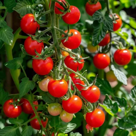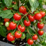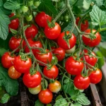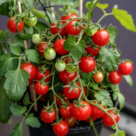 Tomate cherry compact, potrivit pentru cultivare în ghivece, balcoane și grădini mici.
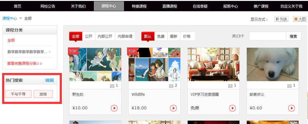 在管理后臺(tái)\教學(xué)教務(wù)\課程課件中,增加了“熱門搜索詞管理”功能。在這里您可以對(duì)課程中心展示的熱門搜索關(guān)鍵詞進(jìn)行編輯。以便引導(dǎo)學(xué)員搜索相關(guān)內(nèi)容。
◆ ◆ ◆ ◆ ◆ ◆ ◆
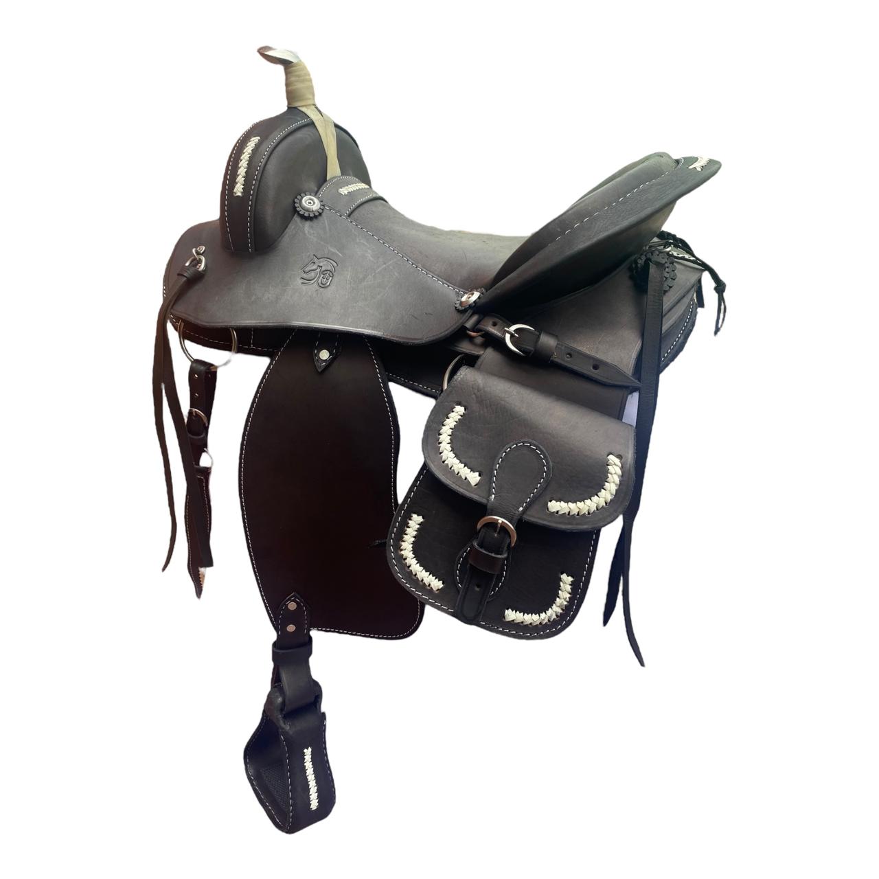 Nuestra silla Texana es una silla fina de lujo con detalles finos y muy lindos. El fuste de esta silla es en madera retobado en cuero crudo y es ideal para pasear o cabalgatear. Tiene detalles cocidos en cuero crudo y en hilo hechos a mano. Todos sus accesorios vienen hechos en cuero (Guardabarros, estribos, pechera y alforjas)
◆ ◆ ◆ ◆ ◆ ◆ ◆
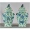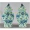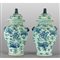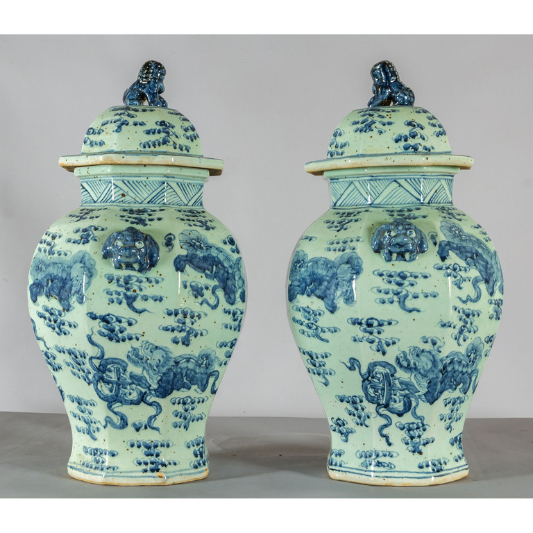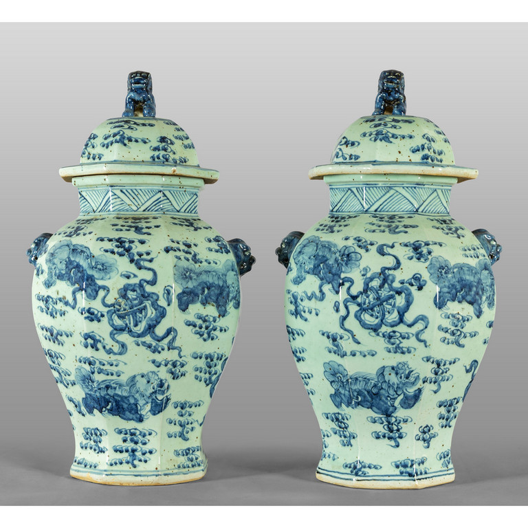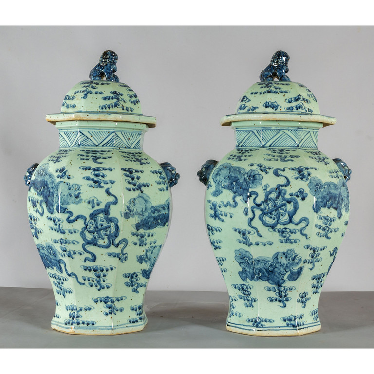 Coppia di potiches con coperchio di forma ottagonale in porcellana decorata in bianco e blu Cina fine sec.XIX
◆ ◆ ◆ ◆ ◆ ◆ ◆
▸ **REQUIREMENT**
Within these entries, output exactly the lines starting at the one with "Tomate cherry compact, potrivit" and finishing at the one with "在管理后臺(tái)\教學(xué)教務". Leave pictures out of the output.

▸ **TASK SOLUTION**
 Tomate cherry compact, potrivit pentru cultivare în ghivece, balcoane și grădini mici.
 在管理后臺(tái)\教學(xué)教務(wù)\課程課件中,增加了“熱門搜索詞管理”功能。在這里您可以對(duì)課程中心展示的熱門搜索關(guān)鍵詞進(jìn)行編輯。以便引導(dǎo)學(xué)員搜索相關(guān)內(nèi)容。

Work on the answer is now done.